Grinex Exchange Suspends Activities Following $13 Million Cyber Attack Allegedly Backed by State

A prominent cryptocurrency exchange, Grinex, which was popular among Russian users seeking to circumvent sanctions, has halted its operations after reporting a significant cyber attack that resulted in the theft of approximately 1 billion rubles, equivalent to $13 million. The exchange, which is headquartered in Kyrgyzstan, announced the breach via its Telegram channel and an official statement on its website, suggesting that the attack was likely perpetrated by state-sponsored actors from 'unfriendly states' due to the high level of coordination and technical expertise involved. According to Grinex, the digital evidence and nature of the attack imply an unprecedented level of resources and technology, typically available only to state-backed structures. The exchange stated that preliminary data indicate the attack was deliberately coordinated to damage Russia's financial sovereignty.
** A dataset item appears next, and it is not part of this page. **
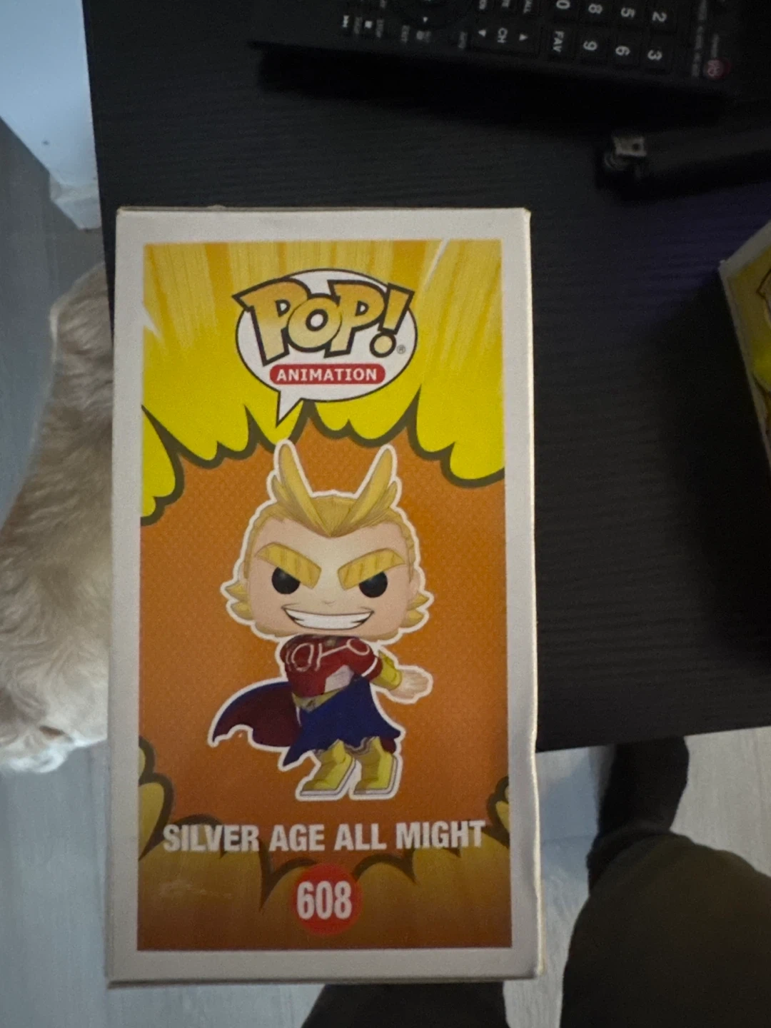 This is a Funko Pop! Animation vinyl figure of Silver Age All Might, number 608, from My Hero Academia. It comes in its original box. It's a collectible figure for fans of the series.

Grinex, originally known as Garantex, was itself subject to sanctions imposed by the US, UK, and EU last year, with officials in Washington accusing the platform of assisting users in evading restrictions through a ruble-backed stablecoin called A7A5. This token enabled cross-border transactions when Russia's access to the Swift inter-bank messaging system was suspended following the country's invasion of Ukraine. After being shut down, the platform re-emerged as Grinex. The temporary suspension of trading activities has left users unable to access their funds while the company conducts an investigation. Additionally, access to its Moscow office has been restricted. Grinex has released a list of 54 affected wallet addresses and the corresponding drained amounts, with most of the stolen funds being in the form of USDT on the TRON blockchain.